[Dataset entries]
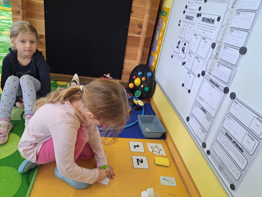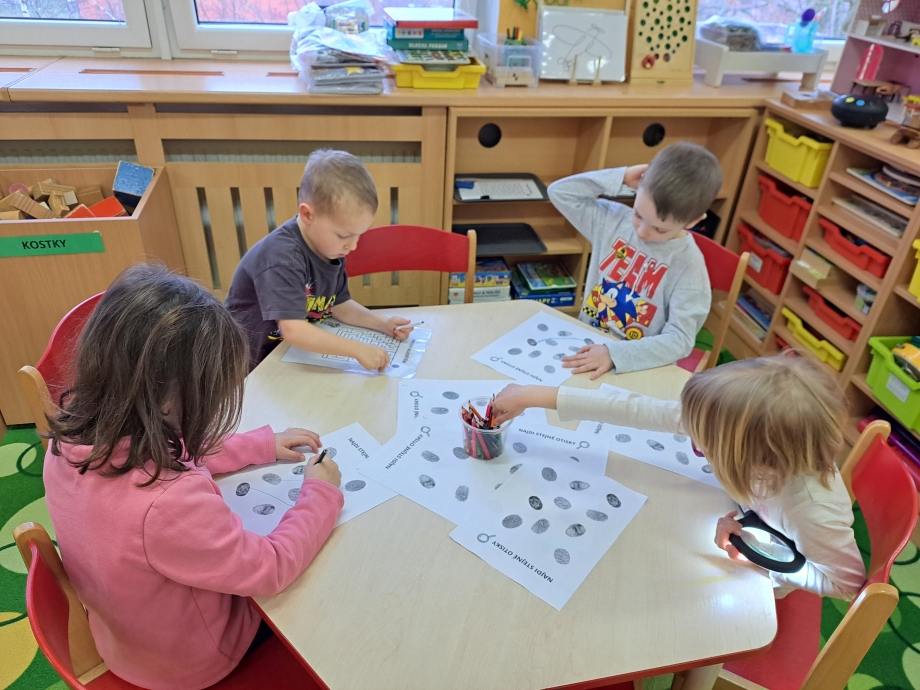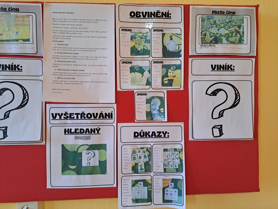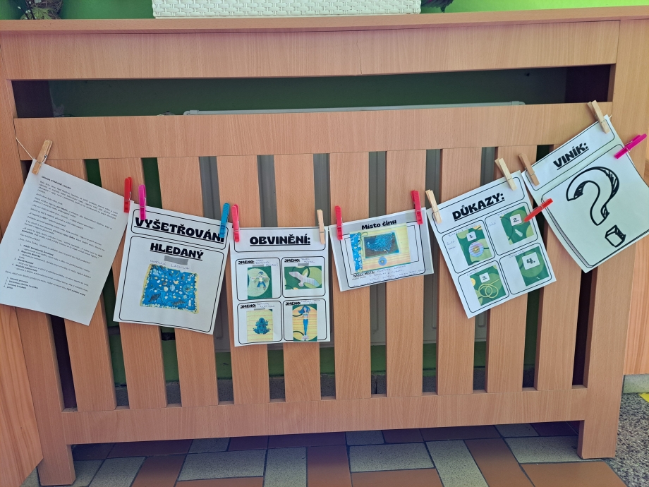 Během uplynulého týdne se děti proměnily v malé detektivy a s nadšením řešily různé záhadné případy. Pátraly po stopách, hledaly důkazy a snažily se odhalit, kdo za jednotlivými „záhadami“ stojí. Učily se pozorně vnímat, přemýšlet a spojovat jednotlivé indicie.
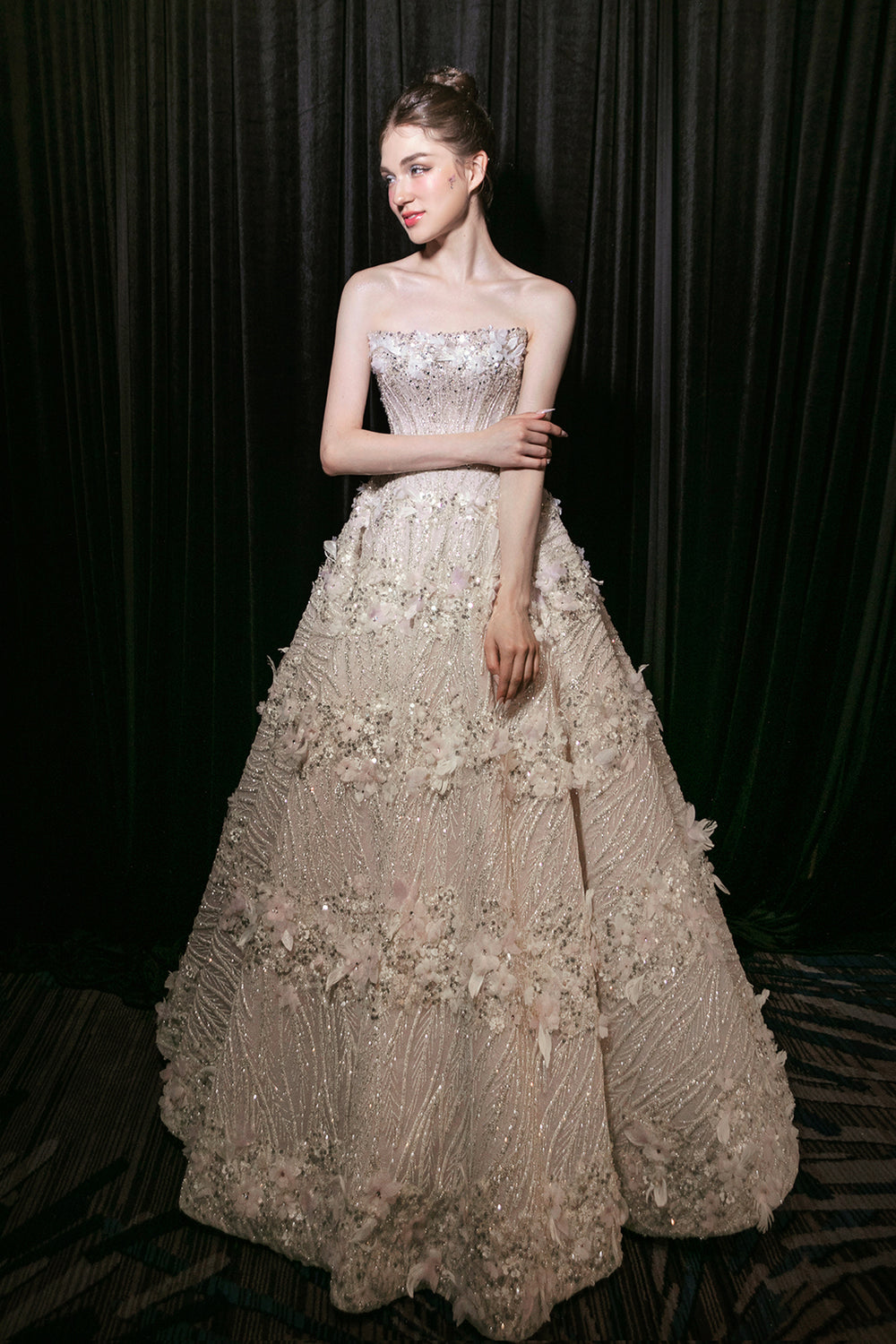 A-Line Strapless Bodice with Floral Appliqué Dress
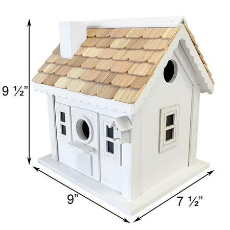 Offer birds an adorable resting spot by adding this Home Bazaar Charmer Condo Bird House to your yard. The vivid white color and amazing architectural detailing bring wonderful style and realism to your bird garden, while creating a working nest box. Tan hues throughout the pitched, shingled roof contrast the painted white body, and a flat base easily supports the unit. Black paint within the faux window shapes further the realistic look, completed by a scalloped roof edge and tiny wooden bird house. A front, 1.25" diameter entry hole sits between the window shapes, and a small ledge below it provides extra landing area. Another 1.25" diameter entry rests on one side of the shelter, and the roof overhangs each to protect the unpainted interior from the elements. Hidden holes on the back panel help ventilate the domicile, and the wooden body and white tone prevent nestlings from overheating. Additional holes on the base provide drainage, and one side panel fully removes for nest checks. Attach a mounting plate (not included) to the base of the home for displaying it on a post or pole easily. The wooden body and white color bring a striking look to your garden, lending a touch of manmade style to the setting. Welcome birds into your backyard with this Charmer Condo Bird House.
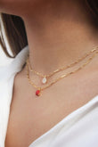 Gargantilla de 35cms. graduable hasta 42cms. Cadena eslabones de 5mm. con piedra coral suspendida de 7mm.x5mm. Disponible en Plata de Ley 925 y en Baño de Oro 18kts.
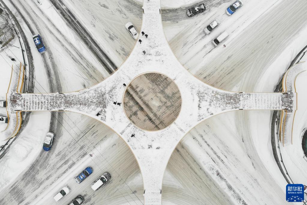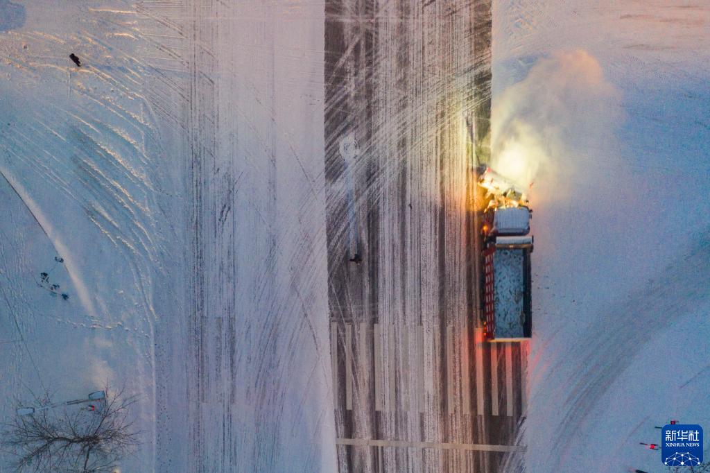 11月22日,在黑龙江省鹤岗市,清雪车在街道上作业(无人机照片)。新华社记者 谢剑飞 摄
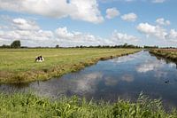 polder landschap met een rustende koe en stapelwolken
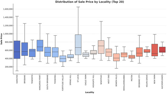 Data on the characteristics and timelines of the urban megaprojects in Brisbane were collated and include details such as the project scope, expected completion dates, and key milestones to ensure the reliability of the results. This information was obtained from the official websites of the projects. Figure 1 presents the transactional distribution between 2016 and 2022 across the top 20 localities in Brisbane.
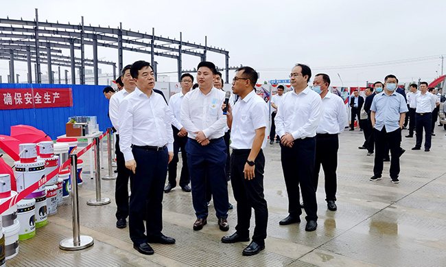 近日,保定市委書記黨曉龍一行調(diào)研保定東方雨虹建設(shè)項目。
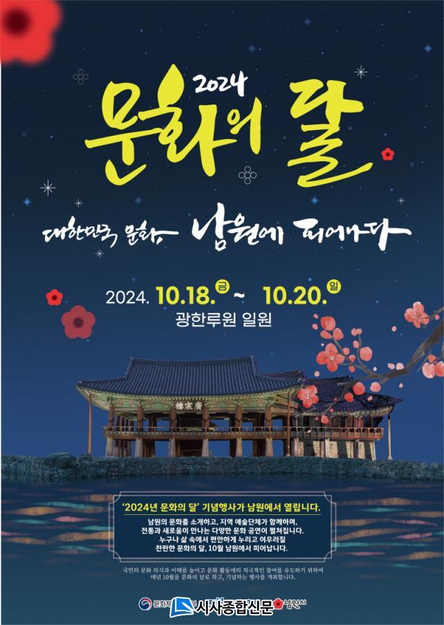 ¡®¹®ÈÀÇ ´Þ¡¯ ±â³äÇà»ç´Â Áö¿ª ¹®È¿¹¼úÀÇ Àúº¯À» ³ÐÈ÷°í °¢ Áö¿ªÀÇ Æ¯»öÀÖ´Â ¹®È¸¦ ¾Ë¸®±â À§ÇØ 2003³âºÎÅÍ ¸Å³â Àü±¹À» ¼øÈ¸ÇÏ¸ç °³ÃÖÇϰí ÀÖ´Ù. ¿ÃÇØ´Â ¡®´ëÇѹα¹ ¹®È, ³²¿ø¿¡¼ ÇǾ´Ù¡¯¸¦ ÁÖÁ¦·Î 10¿ù 18ÀϺÎÅÍ 20ÀϱîÁö ³²¿ø½Ã ±¤ÇÑ·ç¿ø ÀÏ´ë¿¡¼ °³ÃÖÇÑ´Ù.

Brief: Give the data above again, exactly and completely. No pictures go in.

Output of the exercise:
 Během uplynulého týdne se děti proměnily v malé detektivy a s nadšením řešily různé záhadné případy. Pátraly po stopách, hledaly důkazy a snažily se odhalit, kdo za jednotlivými „záhadami“ stojí. Učily se pozorně vnímat, přemýšlet a spojovat jednotlivé indicie.
 A-Line Strapless Bodice with Floral Appliqué Dress
 Offer birds an adorable resting spot by adding this Home Bazaar Charmer Condo Bird House to your yard. The vivid white color and amazing architectural detailing bring wonderful style and realism to your bird garden, while creating a working nest box. Tan hues throughout the pitched, shingled roof contrast the painted white body, and a flat base easily supports the unit. Black paint within the faux window shapes further the realistic look, completed by a scalloped roof edge and tiny wooden bird house. A front, 1.25" diameter entry hole sits between the window shapes, and a small ledge below it provides extra landing area. Another 1.25" diameter entry rests on one side of the shelter, and the roof overhangs each to protect the unpainted interior from the elements. Hidden holes on the back panel help ventilate the domicile, and the wooden body and white tone prevent nestlings from overheating. Additional holes on the base provide drainage, and one side panel fully removes for nest checks. Attach a mounting plate (not included) to the base of the home for displaying it on a post or pole easily. The wooden body and white color bring a striking look to your garden, lending a touch of manmade style to the setting. Welcome birds into your backyard with this Charmer Condo Bird House.
 Gargantilla de 35cms. graduable hasta 42cms. Cadena eslabones de 5mm. con piedra coral suspendida de 7mm.x5mm. Disponible en Plata de Ley 925 y en Baño de Oro 18kts.
 11月22日,在黑龙江省鹤岗市,清雪车在街道上作业(无人机照片)。新华社记者 谢剑飞 摄
 polder landschap met een rustende koe en stapelwolken
 Data on the characteristics and timelines of the urban megaprojects in Brisbane were collated and include details such as the project scope, expected completion dates, and key milestones to ensure the reliability of the results. This information was obtained from the official websites of the projects. Figure 1 presents the transactional distribution between 2016 and 2022 across the top 20 localities in Brisbane.
 近日,保定市委書記黨曉龍一行調(diào)研保定東方雨虹建設(shè)項目。
 ¡®¹®ÈÀÇ ´Þ¡¯ ±â³äÇà»ç´Â Áö¿ª ¹®È¿¹¼úÀÇ Àúº¯À» ³ÐÈ÷°í °¢ Áö¿ªÀÇ Æ¯»öÀÖ´Â ¹®È¸¦ ¾Ë¸®±â À§ÇØ 2003³âºÎÅÍ ¸Å³â Àü±¹À» ¼øÈ¸ÇÏ¸ç °³ÃÖÇϰí ÀÖ´Ù. ¿ÃÇØ´Â ¡®´ëÇѹα¹ ¹®È, ³²¿ø¿¡¼ ÇǾ´Ù¡¯¸¦ ÁÖÁ¦·Î 10¿ù 18ÀϺÎÅÍ 20ÀϱîÁö ³²¿ø½Ã ±¤ÇÑ·ç¿ø ÀÏ´ë¿¡¼ °³ÃÖÇÑ´Ù.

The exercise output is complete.